__What the exercise asks__.
For this exercise, output exactly the lines from the opening line of the listing through the line with "A strip of coastal", skipping pictures.

__Data extract__.
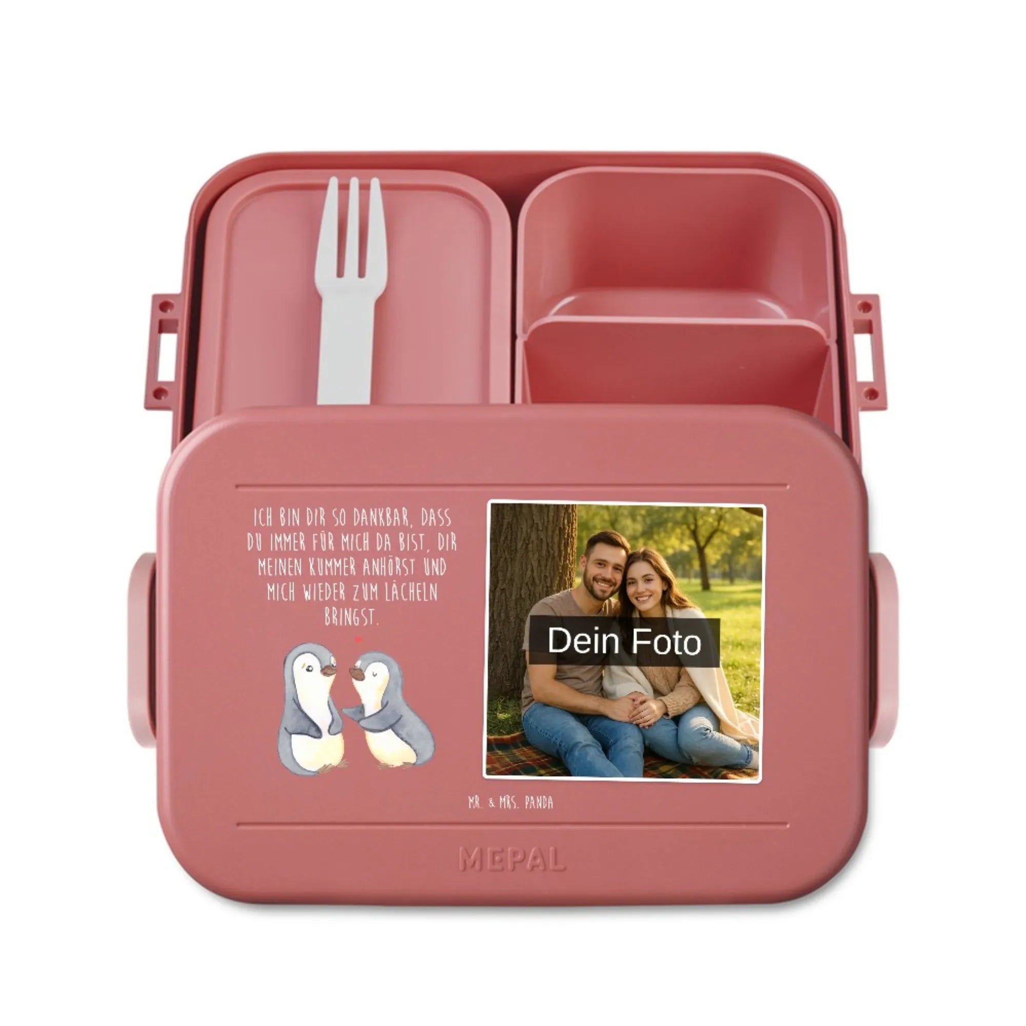 MEPAL Foto Bentobox Pinguine trösten - Rot Pastell
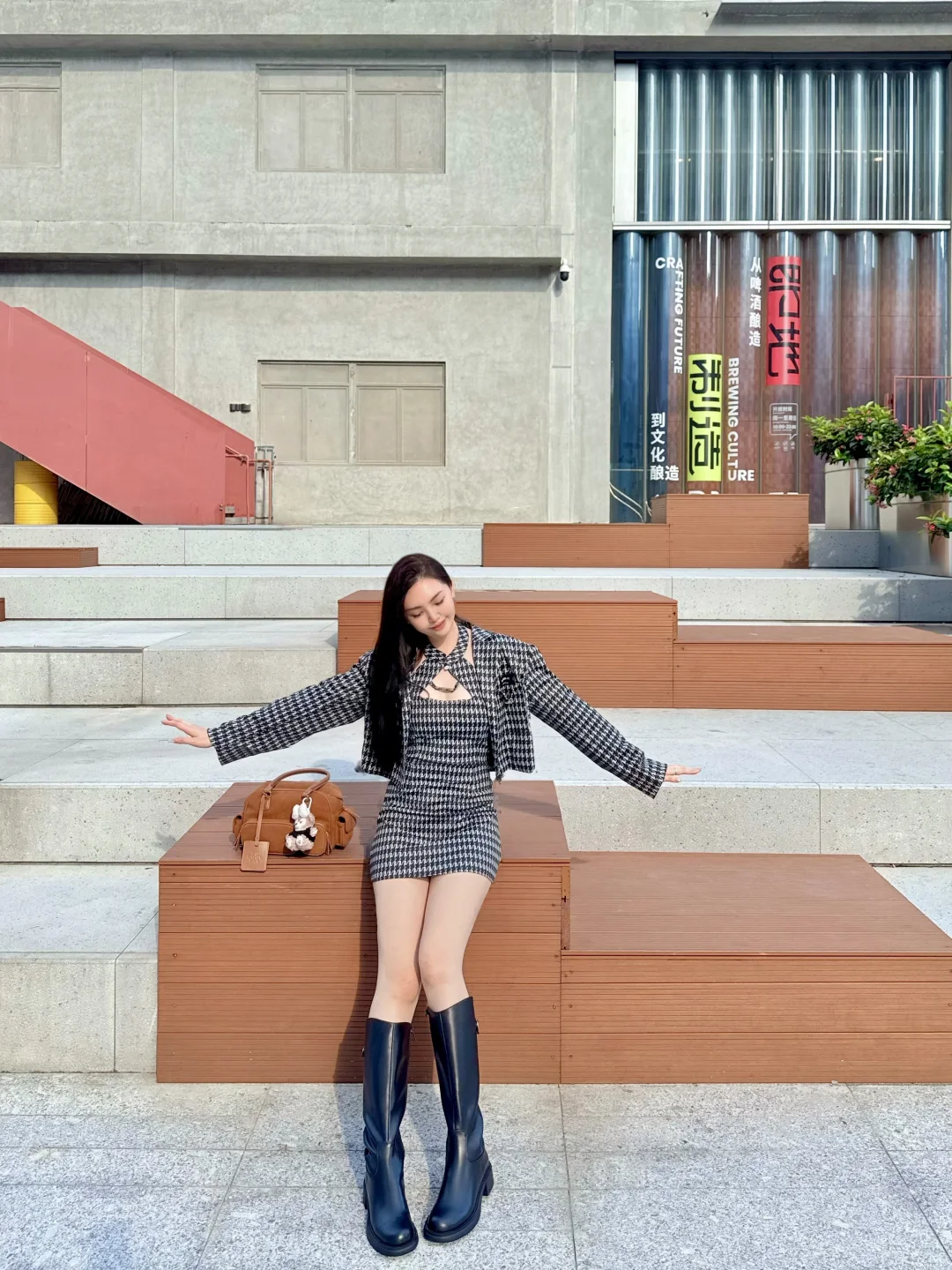 - 秋天🍂来了 分享一套套装的穿搭 新买的牛皮高筒靴真的是万能搭配神器~ 皮质好软好舒服呀!!! 搭配设计款的套装很出片 棕色美拉德色系怎么能错过 新买的麂皮保龄球包也是时髦单品 很有质感~搭配一套满满的松弛感 👢:KISSCAT[游牧诗人]长靴 💼:locoollab流浪包
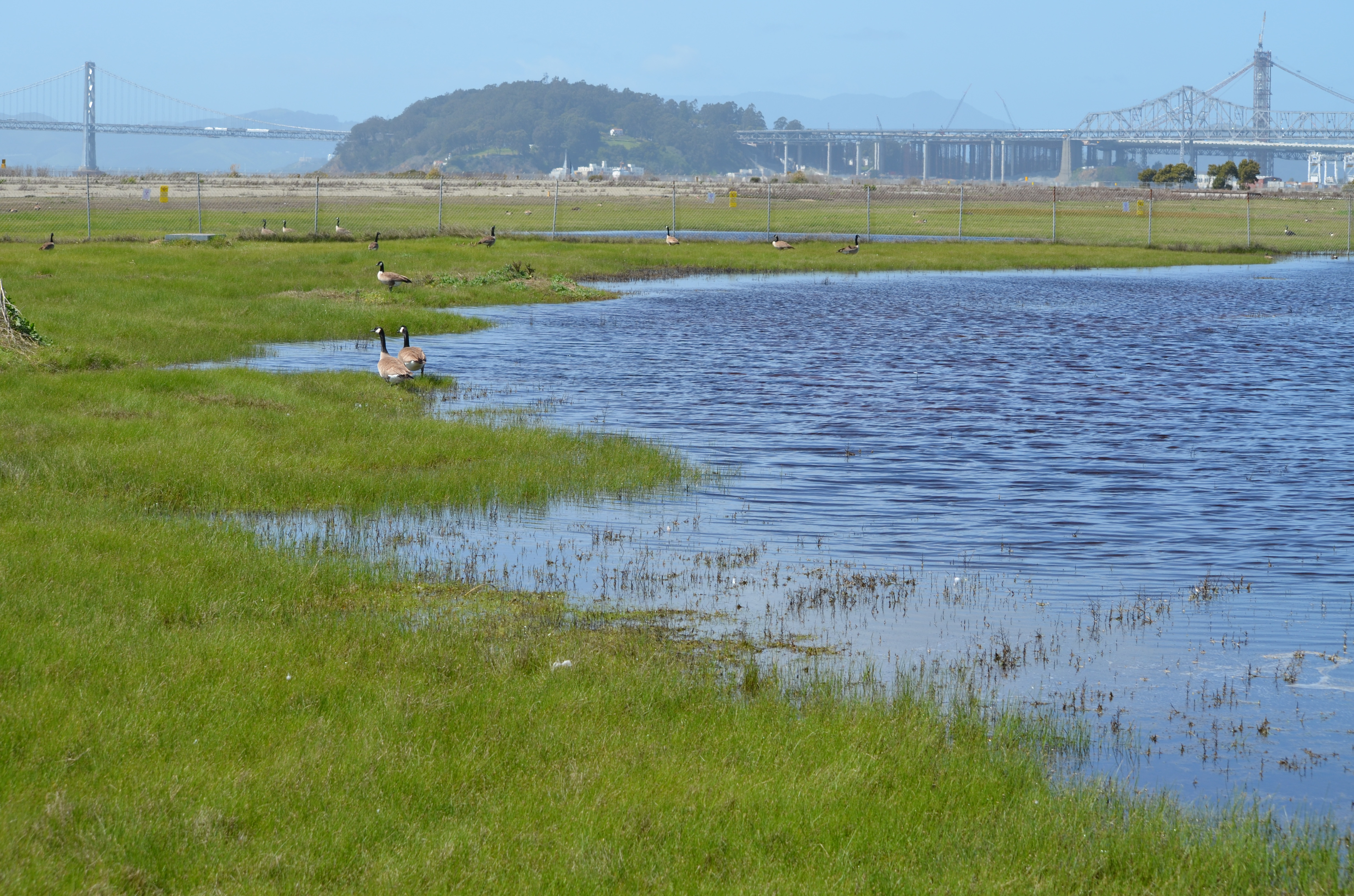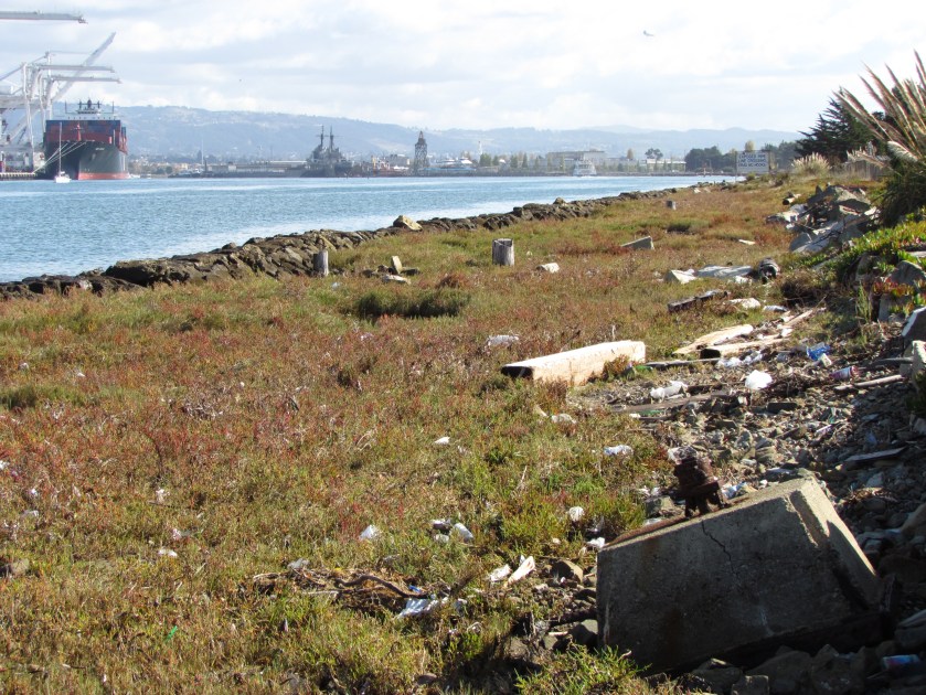 A strip of coastal marshland running along the Oakland Estuary on the north end of the site has no contamination. Its habitat quality, however, is marred by discarded concrete, wood, and trash. It will be up to the city to initiate wetlands restoration efforts there.
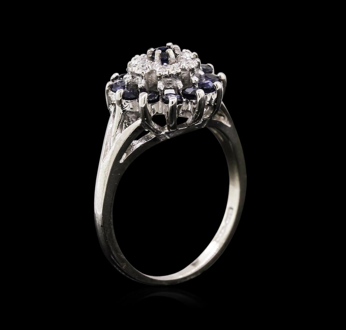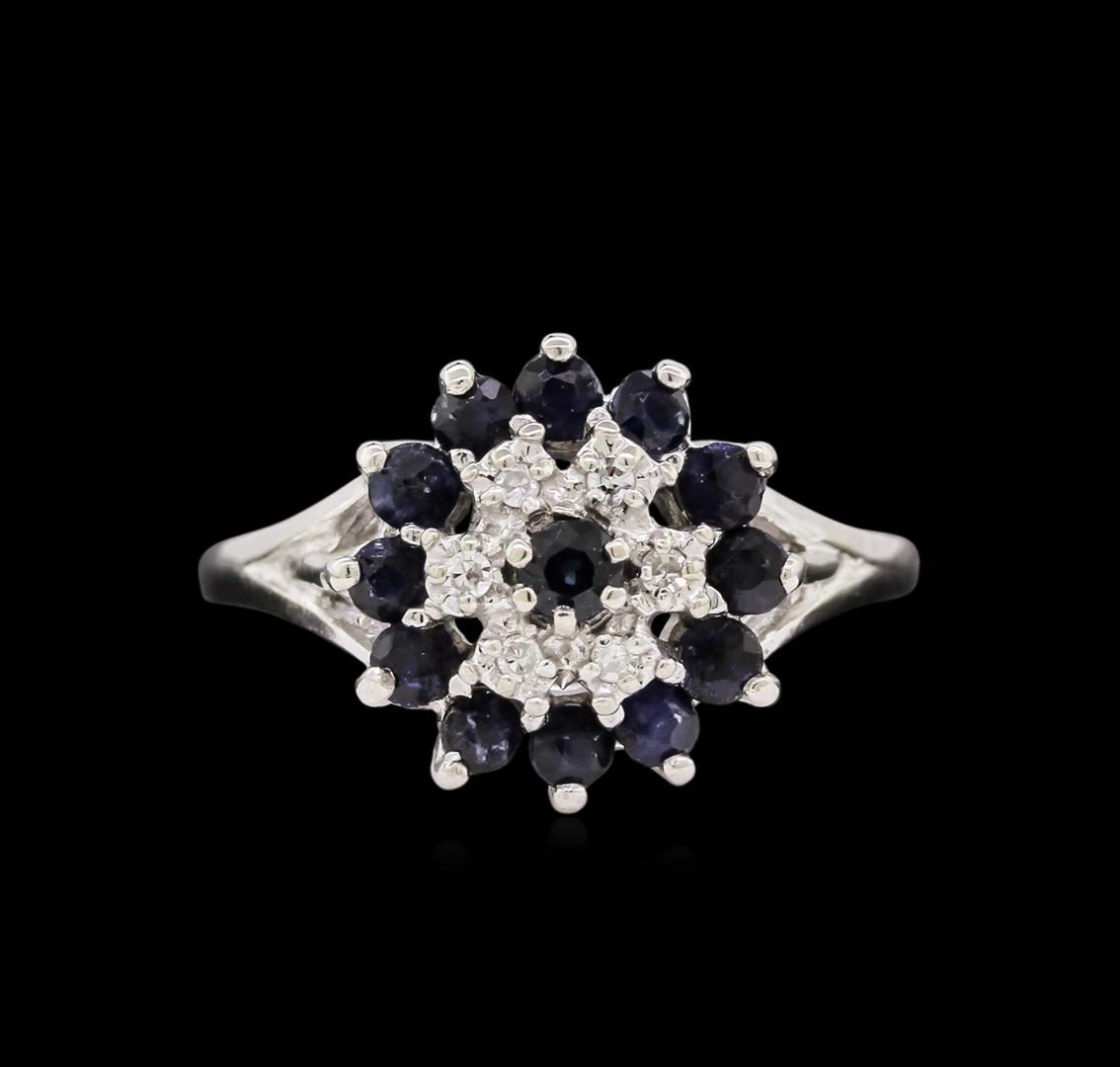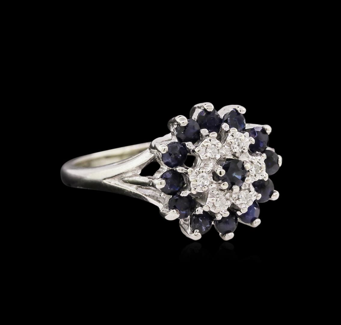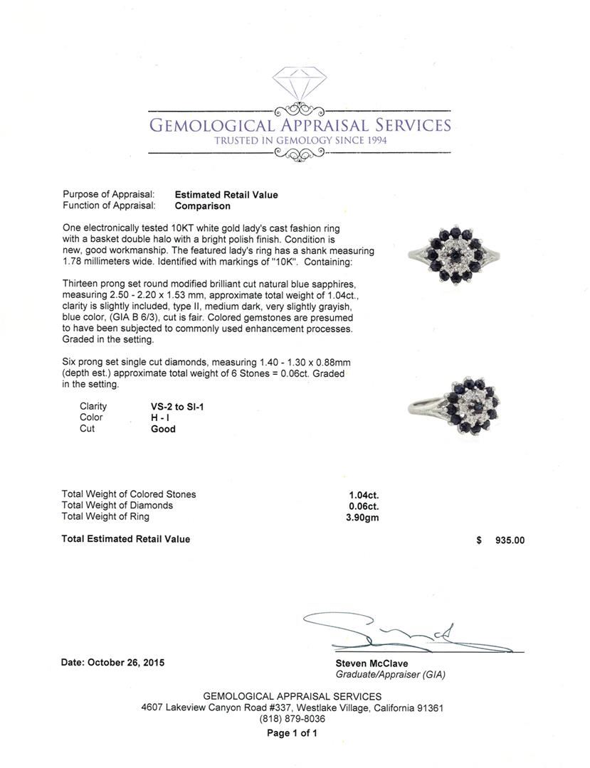 One electronically tested 10KT white gold lady's cast fashion ring with a basket double halo with a bright polish finish. The featured lady's ring has a shank measuring 1.78 millimeters wide. Identified with markings of "10K". Condition is new, good workmanship. Containing: Thirteen prong set round modified brilliant cut natural blue sapphires, measuring 2.50 - 2.20 x 1.53 mm, approximate total weight of 1.04ct., clarity is slightly included, type II, medium dark, very slightly grayish, blue color, (GIA B 6/3), cut is fair. Colored gemstones are presumed to have been subjected to commonly used enhancement processes. Graded in the setting. Six prong set single cut diamonds, measuring 1.40 - 1.30 x 0.88mm (depth est.) approximate total weight of 6 Stones = 0.06ct. Graded in the setting. Clarity: VS-2 to SI-1. Color: H - I. Cut Good. Total Weight of Colored Stones 1.04ct. Total Weight of Diamonds 0.06ct. Total Weight of Ring 3.90gm. GAS Appraised at $935.00.

__Answer below__.
 MEPAL Foto Bentobox Pinguine trösten - Rot Pastell
 - 秋天🍂来了 分享一套套装的穿搭 新买的牛皮高筒靴真的是万能搭配神器~ 皮质好软好舒服呀!!! 搭配设计款的套装很出片 棕色美拉德色系怎么能错过 新买的麂皮保龄球包也是时髦单品 很有质感~搭配一套满满的松弛感 👢:KISSCAT[游牧诗人]长靴 💼:locoollab流浪包
 A strip of coastal marshland running along the Oakland Estuary on the north end of the site has no contamination. Its habitat quality, however, is marred by discarded concrete, wood, and trash. It will be up to the city to initiate wetlands restoration efforts there.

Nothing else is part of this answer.